11 February 2021

Oversight and Trusteeship in the Methodist Church

Absorbed in the routine of my daily duties, I have to confess that I do not reflect as often as I might on the wonderful privilege that it is to be a member of Christ’s Church. Just occasionally, it strikes me. It did as I was working on this piece and I listened to one of the podcasts, which are published fortnightly by the Connexional Team (https://www.methodist.org.uk/about-us/news/podcasts/).  Rather as in the pages of the Recorder, stories of Methodists making a real difference in their communities inspire and encourage. They remind me that the Methodist Church is a remarkable gift to the world. Approximately 170,000 members in Britain, each in her or his own place, live out their discipleship to the best of their ability and do that not as isolated individuals, even though it might feel like that at present, but as members of a body dedicated to the purposes of God.

However, the Church is not only defined by what it does; it is defined by what it is. The great 20th-century ecumenist Lesslie Newbigin talked about the Church as a foretaste, an instrument, and a sign of the life of God. The way in which we live and organize ourselves anticipates the life of heaven, contributes to the will of God being done, and points to the fullness of life that God offers to all creation.
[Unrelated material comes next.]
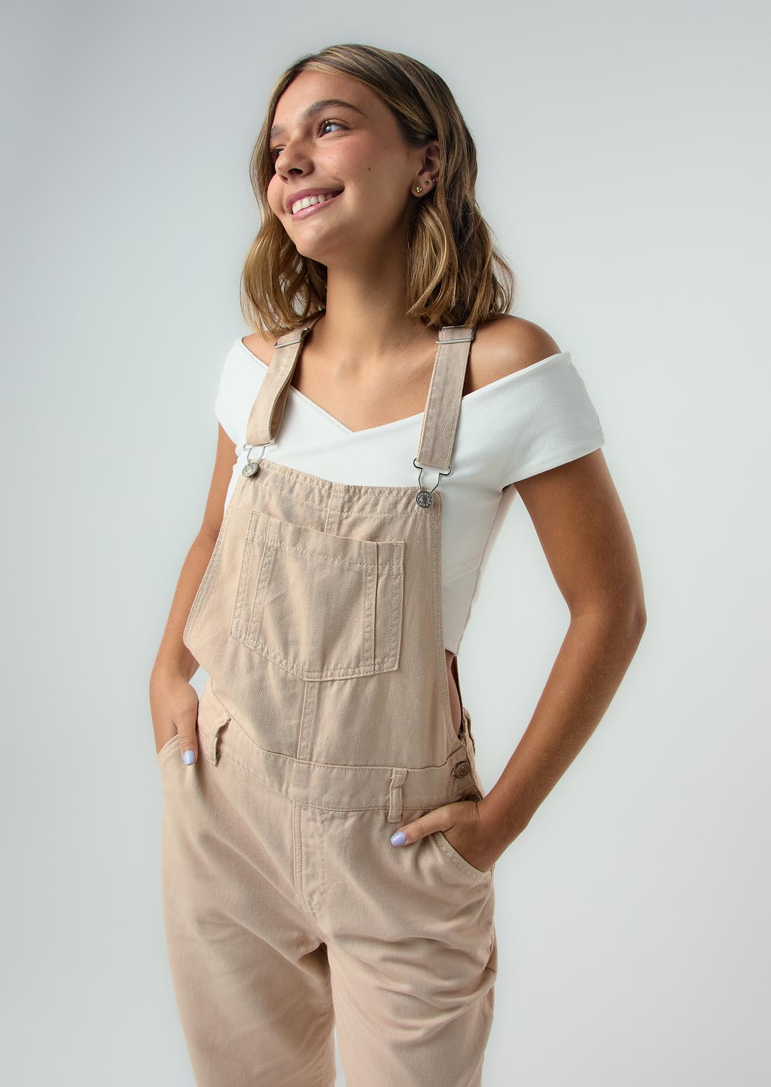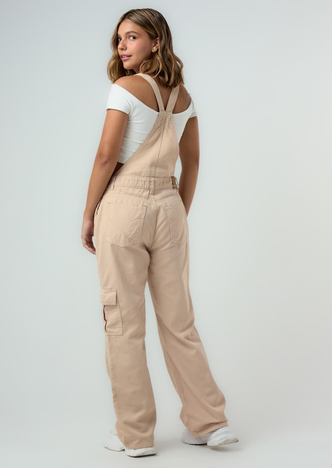 Overall largo, color arena y fondo entero para jóvenes.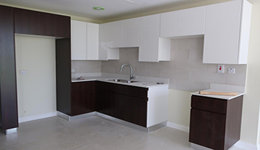 The kitchen design of this project is high gloss lacquer finish mix with light walnut melamine. The vibe is simple yet unique.

In order to do that, our structures are those that enable us to celebrate our being God’s people, place us responsibly and effectively in the world, and enable us to invite others to share the joy that is ours and to know the love of Christ for themselves.

That, at least, is the rhetoric. Sadly, it does not always feel like that; sometimes it appears that the very structures that should enable that glorious reality to be apparent are those which impede it. In various ways, questions have been asked which might be summarised as:

  • Do the administrative responsibilities we have to carry so burden us that we cannot express our joy in being God’s people?
  • Are we effective and responsible as a charitable body (which is the legal context in which we seek to do God’s will)?
  • Does our organisation make us effective in mission or hold us back?
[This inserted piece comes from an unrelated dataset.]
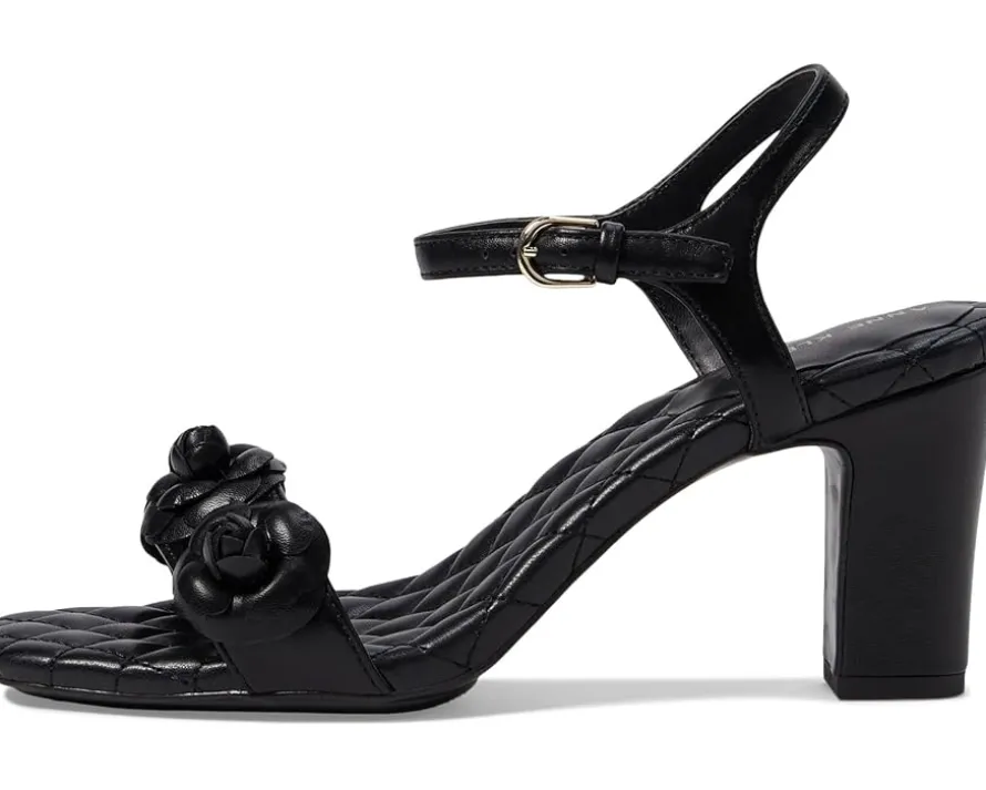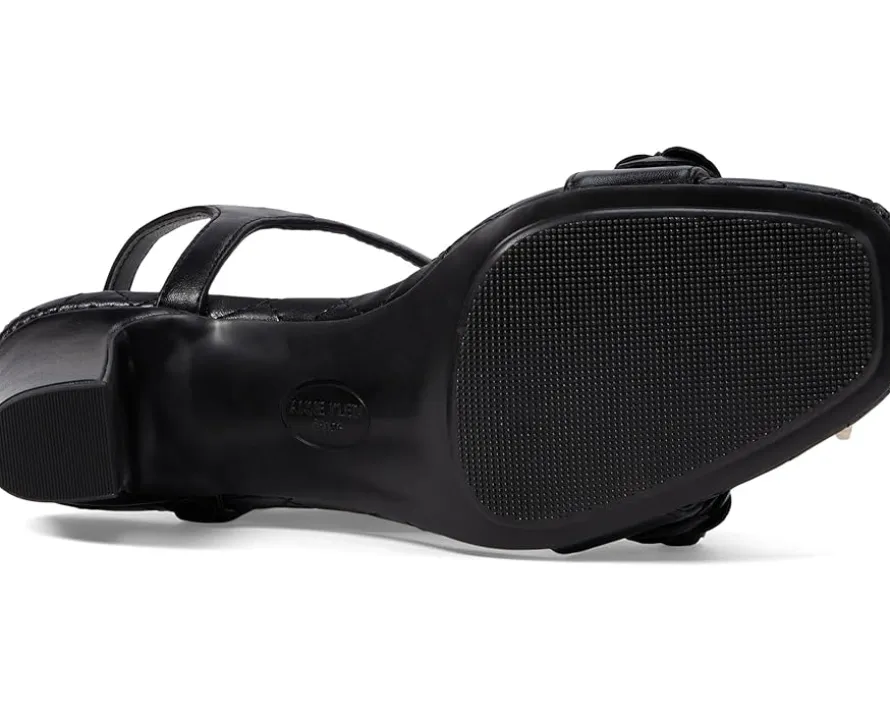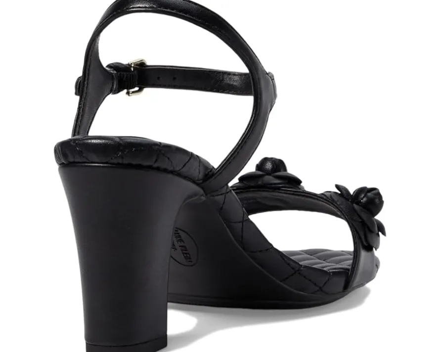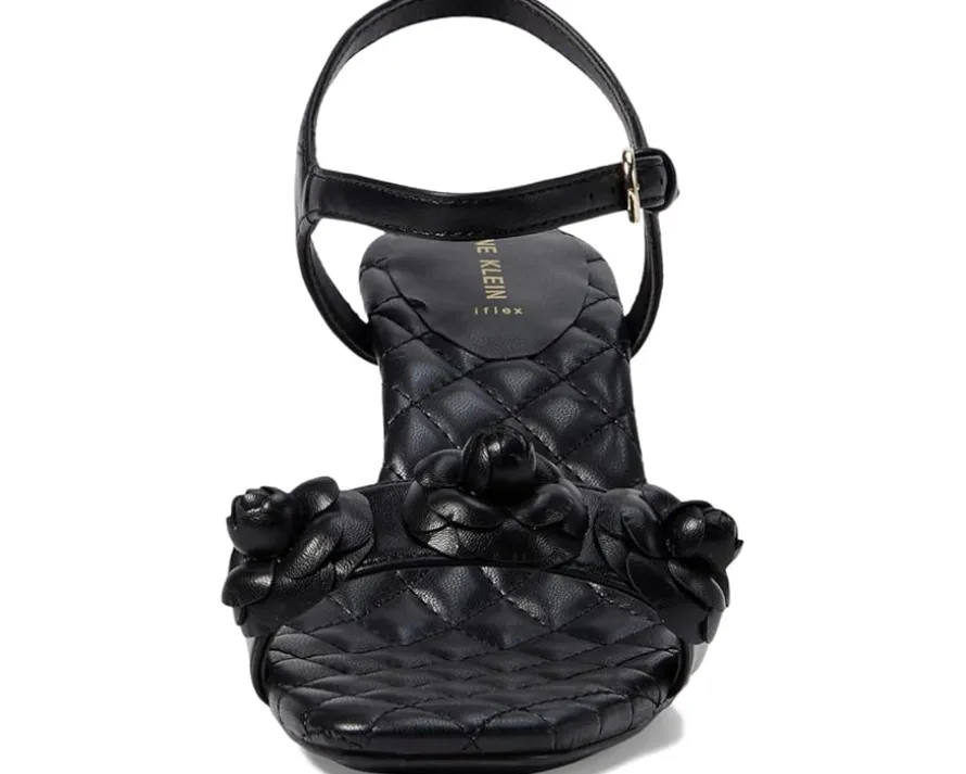 - Unlock your inner diva wearing the chic and classy Anne Klein® Yardley. Crafted from man-made upper, lining and insole, this pair of stylish sandals features open square toe, block heels, eye-catching flower embellishment on the top, ankle strap with buckled closure and cushioned footbed. It comes with brand detailing on the footbed.

Years of reflecting on these and similar questions led to the 2020 Conference receiving the report Reaffirming Our Calling: Oversight and Trusteeship. The report attempted to marry answers to those key questions with the reflections that followed the 2017 Conference, and led the Connexional Leaders’ Forum and the Methodist Council to ask whether Our Calling should be the primary strategic driver for the work of the Church. In doing so, it picked up concerns that have been around for a number of years, expressed in Conference reports or in meetings throughout the Connexion. The concerns are about oversight and trusteeship and about ensuring that we are providing greater support and promoting better coordination. As those engaged in this work sought to reaffirm Our Calling, they recognised that structures designed for mission in a previous generation do not offer us the agility that we need to serve the present age.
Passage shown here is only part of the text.